Exercise requirements =>
Check each line of the entries below for the word "shaped", and copy out the ones that have it.
>>
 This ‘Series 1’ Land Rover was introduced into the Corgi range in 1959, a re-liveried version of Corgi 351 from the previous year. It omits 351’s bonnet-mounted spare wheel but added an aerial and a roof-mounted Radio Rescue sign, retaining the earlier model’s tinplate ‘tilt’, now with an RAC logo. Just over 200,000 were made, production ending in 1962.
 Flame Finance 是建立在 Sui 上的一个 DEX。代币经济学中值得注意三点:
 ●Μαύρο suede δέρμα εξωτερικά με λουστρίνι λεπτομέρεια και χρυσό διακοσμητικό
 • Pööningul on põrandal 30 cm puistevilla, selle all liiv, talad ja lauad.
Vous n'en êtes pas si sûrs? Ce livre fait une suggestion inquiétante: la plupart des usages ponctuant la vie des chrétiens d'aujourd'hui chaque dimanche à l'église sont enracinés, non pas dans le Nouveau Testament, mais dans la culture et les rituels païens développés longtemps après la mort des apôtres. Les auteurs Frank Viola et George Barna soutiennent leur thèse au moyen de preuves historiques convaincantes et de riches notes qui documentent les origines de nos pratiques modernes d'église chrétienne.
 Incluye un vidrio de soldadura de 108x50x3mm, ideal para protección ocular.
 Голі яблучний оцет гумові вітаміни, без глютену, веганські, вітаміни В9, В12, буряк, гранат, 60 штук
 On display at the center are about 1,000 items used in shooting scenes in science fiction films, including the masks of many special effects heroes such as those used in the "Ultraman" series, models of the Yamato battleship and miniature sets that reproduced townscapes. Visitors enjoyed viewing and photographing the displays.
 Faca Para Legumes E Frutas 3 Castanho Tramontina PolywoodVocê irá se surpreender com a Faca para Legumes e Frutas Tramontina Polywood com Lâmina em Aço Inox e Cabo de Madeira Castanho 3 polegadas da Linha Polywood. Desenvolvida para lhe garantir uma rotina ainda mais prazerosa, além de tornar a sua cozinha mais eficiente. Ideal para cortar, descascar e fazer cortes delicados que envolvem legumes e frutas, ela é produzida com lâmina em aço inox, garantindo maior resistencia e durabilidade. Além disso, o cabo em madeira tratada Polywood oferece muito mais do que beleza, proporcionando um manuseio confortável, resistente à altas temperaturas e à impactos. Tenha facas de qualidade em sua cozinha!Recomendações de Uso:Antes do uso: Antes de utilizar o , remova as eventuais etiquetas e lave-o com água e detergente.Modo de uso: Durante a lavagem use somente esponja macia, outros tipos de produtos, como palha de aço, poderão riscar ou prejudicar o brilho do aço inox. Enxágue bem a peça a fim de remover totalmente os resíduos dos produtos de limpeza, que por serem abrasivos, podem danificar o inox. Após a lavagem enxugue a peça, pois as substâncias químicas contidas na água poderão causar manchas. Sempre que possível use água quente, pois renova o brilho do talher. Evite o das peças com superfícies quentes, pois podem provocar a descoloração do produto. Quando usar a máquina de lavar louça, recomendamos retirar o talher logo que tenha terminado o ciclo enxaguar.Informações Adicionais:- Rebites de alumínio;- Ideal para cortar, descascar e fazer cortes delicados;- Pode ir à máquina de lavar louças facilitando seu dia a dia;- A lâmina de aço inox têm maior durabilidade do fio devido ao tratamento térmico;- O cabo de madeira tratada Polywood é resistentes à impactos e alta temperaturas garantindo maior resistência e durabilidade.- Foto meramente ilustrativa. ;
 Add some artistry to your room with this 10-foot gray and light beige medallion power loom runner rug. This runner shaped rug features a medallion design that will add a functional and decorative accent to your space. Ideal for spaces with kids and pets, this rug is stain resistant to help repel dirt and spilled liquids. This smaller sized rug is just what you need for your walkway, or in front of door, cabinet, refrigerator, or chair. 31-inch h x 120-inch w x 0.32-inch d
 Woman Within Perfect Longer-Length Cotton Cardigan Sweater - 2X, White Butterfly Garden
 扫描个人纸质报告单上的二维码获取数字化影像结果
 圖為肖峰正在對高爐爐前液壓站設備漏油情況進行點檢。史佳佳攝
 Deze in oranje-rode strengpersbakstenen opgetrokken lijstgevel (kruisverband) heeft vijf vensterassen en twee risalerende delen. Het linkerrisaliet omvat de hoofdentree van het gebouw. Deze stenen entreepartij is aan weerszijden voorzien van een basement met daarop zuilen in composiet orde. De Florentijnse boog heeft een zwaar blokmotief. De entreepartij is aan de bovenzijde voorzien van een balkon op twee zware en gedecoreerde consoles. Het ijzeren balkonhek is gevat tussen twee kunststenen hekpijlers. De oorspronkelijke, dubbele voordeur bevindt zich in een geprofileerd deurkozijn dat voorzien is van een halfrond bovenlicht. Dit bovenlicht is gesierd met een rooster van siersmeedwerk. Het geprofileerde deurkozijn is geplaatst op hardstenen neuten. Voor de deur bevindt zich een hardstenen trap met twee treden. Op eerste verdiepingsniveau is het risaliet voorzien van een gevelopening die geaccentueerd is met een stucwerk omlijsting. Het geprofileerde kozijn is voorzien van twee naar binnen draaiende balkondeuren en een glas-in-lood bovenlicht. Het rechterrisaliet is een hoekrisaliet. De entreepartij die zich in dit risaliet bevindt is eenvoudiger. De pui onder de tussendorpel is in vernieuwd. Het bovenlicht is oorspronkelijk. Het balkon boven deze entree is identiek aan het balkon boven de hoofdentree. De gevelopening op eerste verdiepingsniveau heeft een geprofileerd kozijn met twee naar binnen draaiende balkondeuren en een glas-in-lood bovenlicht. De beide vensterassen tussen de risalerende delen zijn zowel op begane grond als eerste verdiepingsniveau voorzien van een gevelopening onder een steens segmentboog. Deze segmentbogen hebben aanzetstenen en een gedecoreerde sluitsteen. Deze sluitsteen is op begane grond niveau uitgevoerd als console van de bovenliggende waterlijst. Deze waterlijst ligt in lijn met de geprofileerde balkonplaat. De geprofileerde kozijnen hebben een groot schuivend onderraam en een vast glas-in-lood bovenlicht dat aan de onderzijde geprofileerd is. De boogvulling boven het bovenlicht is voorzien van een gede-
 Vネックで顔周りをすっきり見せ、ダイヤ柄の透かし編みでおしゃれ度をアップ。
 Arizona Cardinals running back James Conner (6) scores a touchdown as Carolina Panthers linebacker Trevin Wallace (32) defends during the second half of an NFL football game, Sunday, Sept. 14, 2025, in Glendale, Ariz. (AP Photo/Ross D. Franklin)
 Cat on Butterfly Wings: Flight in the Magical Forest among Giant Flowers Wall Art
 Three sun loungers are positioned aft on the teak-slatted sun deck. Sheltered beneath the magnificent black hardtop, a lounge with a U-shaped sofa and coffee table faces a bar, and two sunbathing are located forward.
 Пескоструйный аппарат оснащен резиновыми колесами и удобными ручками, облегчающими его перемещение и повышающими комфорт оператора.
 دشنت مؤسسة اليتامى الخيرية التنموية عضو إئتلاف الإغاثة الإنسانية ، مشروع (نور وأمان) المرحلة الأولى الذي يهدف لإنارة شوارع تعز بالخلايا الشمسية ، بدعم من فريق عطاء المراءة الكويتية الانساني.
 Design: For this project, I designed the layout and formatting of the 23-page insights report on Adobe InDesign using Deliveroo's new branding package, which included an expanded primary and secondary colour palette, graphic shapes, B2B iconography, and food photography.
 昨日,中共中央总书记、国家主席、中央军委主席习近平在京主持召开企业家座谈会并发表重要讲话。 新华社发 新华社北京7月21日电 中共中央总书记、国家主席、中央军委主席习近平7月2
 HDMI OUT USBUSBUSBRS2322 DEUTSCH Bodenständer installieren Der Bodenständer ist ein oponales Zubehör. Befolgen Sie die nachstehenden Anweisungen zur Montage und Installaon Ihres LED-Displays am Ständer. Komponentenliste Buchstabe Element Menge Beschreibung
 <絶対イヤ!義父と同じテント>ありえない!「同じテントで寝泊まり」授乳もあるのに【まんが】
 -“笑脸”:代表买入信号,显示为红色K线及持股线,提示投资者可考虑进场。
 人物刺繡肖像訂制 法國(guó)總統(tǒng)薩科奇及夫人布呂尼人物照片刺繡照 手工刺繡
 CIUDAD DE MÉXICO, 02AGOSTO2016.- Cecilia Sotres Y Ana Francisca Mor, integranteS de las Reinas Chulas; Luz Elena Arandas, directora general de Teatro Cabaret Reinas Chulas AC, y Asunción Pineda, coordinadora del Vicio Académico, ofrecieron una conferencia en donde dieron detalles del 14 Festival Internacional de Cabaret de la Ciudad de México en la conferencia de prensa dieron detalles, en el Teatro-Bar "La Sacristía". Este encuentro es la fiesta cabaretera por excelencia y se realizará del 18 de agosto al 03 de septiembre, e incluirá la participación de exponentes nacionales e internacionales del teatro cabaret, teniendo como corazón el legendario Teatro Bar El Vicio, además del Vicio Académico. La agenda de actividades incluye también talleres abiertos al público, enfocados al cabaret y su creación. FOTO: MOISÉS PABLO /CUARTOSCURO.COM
<<
Solution to this problem =>
 Add some artistry to your room with this 10-foot gray and light beige medallion power loom runner rug. This runner shaped rug features a medallion design that will add a functional and decorative accent to your space. Ideal for spaces with kids and pets, this rug is stain resistant to help repel dirt and spilled liquids. This smaller sized rug is just what you need for your walkway, or in front of door, cabinet, refrigerator, or chair. 31-inch h x 120-inch w x 0.32-inch d
 Three sun loungers are positioned aft on the teak-slatted sun deck. Sheltered beneath the magnificent black hardtop, a lounge with a U-shaped sofa and coffee table faces a bar, and two sunbathing are located forward.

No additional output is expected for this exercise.